5. Системы мониторинга. Внедрите системы для отслеживания действий модели и быстрой реакции на нежелательные действия.

Overreliance

Чрезмерное доверие к LLM

Безоглядное доверие к информации от ИИ может спровоцировать юридические и репутационные проблемы, а также распространение дезинформации и принятие неверных решений. Масштаб последствий зависит от сферы применения и от того, насколько критичны решения, основанные на контенте от LLM.

Как злоумышленники пользуются чрезмерным доверием:

1. Распространение дезинформации. Злоумышленник может «кормить» модель ложными данными. Затем модель генерирует такую же информацию, а пользователь ее распространяет. Это легко представить, например в СМИ, где генерацию контента делегируют LLM.

2. Интеграция небезопасного кода. Разработчики могут взять сгенерированный моделью код и внедрить его в продукт. Так в продукте появляются уязвимости.

3. Ошибочные решения. Принятие бизнес-решений на основе выводов LLM без должной проверки и критического осмысления может спровоцировать опасные действия и недооценку угроз.

Как защититься?

1. Шифрование данных. Защищайте модели с помощью шифрования.

2. Контроль доступа. Внедряйте двухфакторную аутентификацию и другие меры контроля доступа, чтобы допускать к модели только авторизованных пользователей.

3. Мониторинг использования модели. Следите за несанкционированным использованием модели и реагируйте на подозрительную активность.
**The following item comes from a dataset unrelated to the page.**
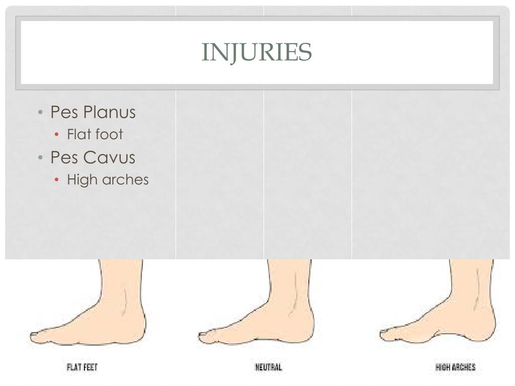 Injuries • PesPlanus • Flat foot • PesCavus • High arches

4. Ограничение доступа к ресурсам. Ограничьте доступ модели к сетевым ресурсам и внутренним API, чтобы предотвратить внешние атаки и утечки данных.

5. Регулярный аудит логов доступа. Проводите мониторинг и аудит логов доступа.

Model Theft

Кража предобученной модели

Злоумышленники могут просто «угнать» вашу модель, чтобы достать чувствительные корпоративные данные или получить преимущество в конкуренции с вашей компанией.
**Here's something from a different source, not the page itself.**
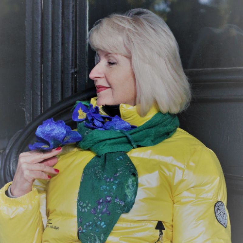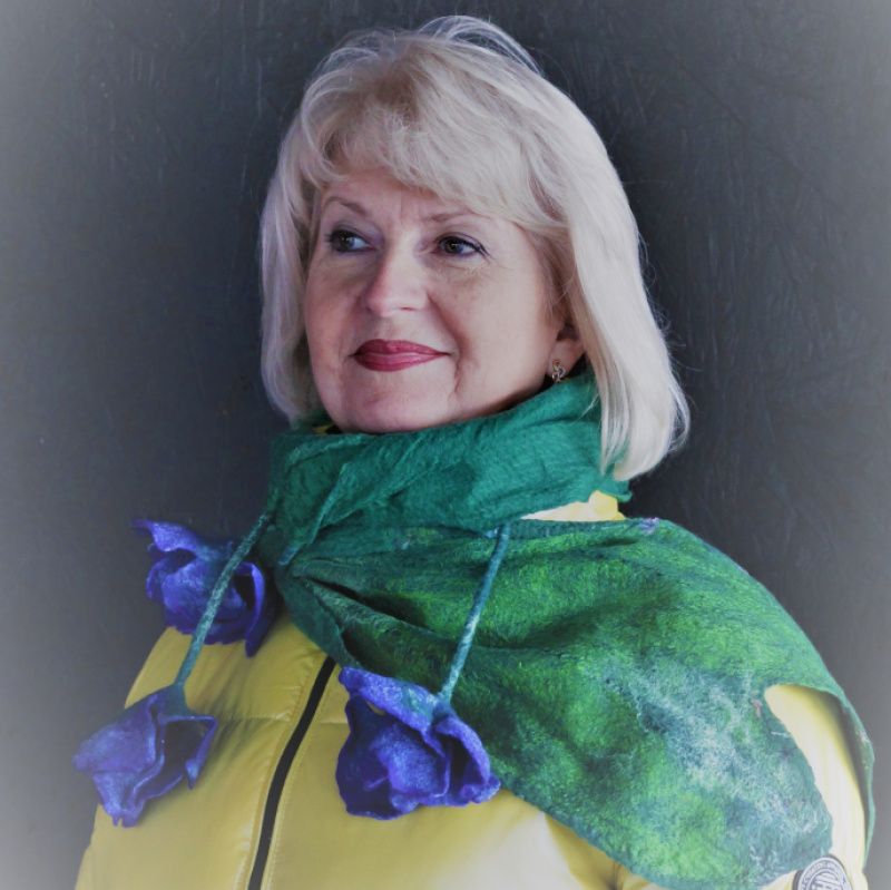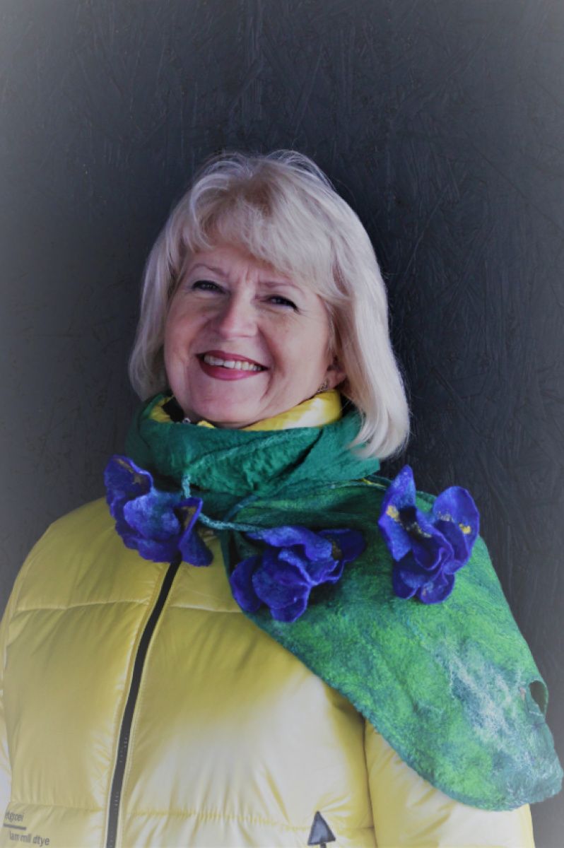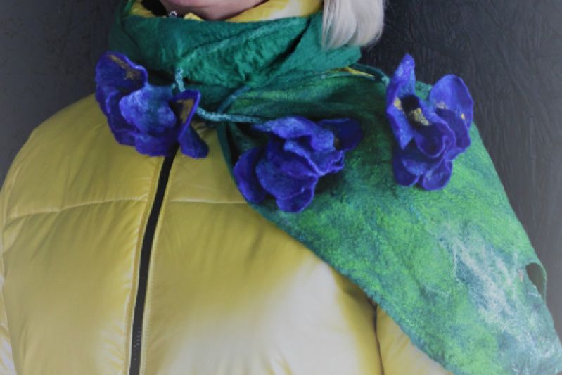 Шарф женский 'Ирисы' зеленого цвета выполнен в технике мокрого валяния, украшен объемными валяными цветками синего цвета с желтыми серединками. Рисунок из шерсти декорирован вискозой, шелком, бамбуком. Шарф очень стильный, хорошо драпируется в разных вариантах цветов и рисунков. Шарф выполнен в единственном экземпляре. По заказу такой шарф будет выполняться не копия, а новая версия) Точная копия невозможна.

Как может произойти кража модели:

1. Взлом инфраструктуры. Злоумышленники используют уязвимости в системах безопасности компании, получают доступ к репозиториям моделей и скачивают их.

2. «Обратная разработка» (Reverse Engineering). Атакующие могут исследовать уже развернутые модели, чтобы понять их архитектуру и параметры, что позволяет создать аналогичную модель.

3. Атаки через побочные каналы. Используя побочные каналы, злоумышленники могут извлекать веса модели и другую конфиденциальную информацию.

Как защититься?

1. Шифрование данных. Защищайте данные и коммуникации между компонентами системы с помощью шифрования.

2. Случайные задержки в обработке запросов. Вводите случайные задержки, чтобы затруднить анализ времени отклика и снизить вероятность обратной разработки.

3. Изоляция процессов. Разделяйте критические операции и данные от других процессов. Так вы снизите риск утечки информации.

4. Мониторинг активности системы. Регулярно отслеживайте активность системы для выявления аномалий и потенциальных атак.

5. Ограничение доступа к репозиториям. Убедитесь, что доступ к моделям и данным имеют только авторизованные пользователи с необходимыми правами.

6. Правовая защита. Укрепляйте правовую защиту модели через патенты. Это даст основания для юридических действий в случае кражи.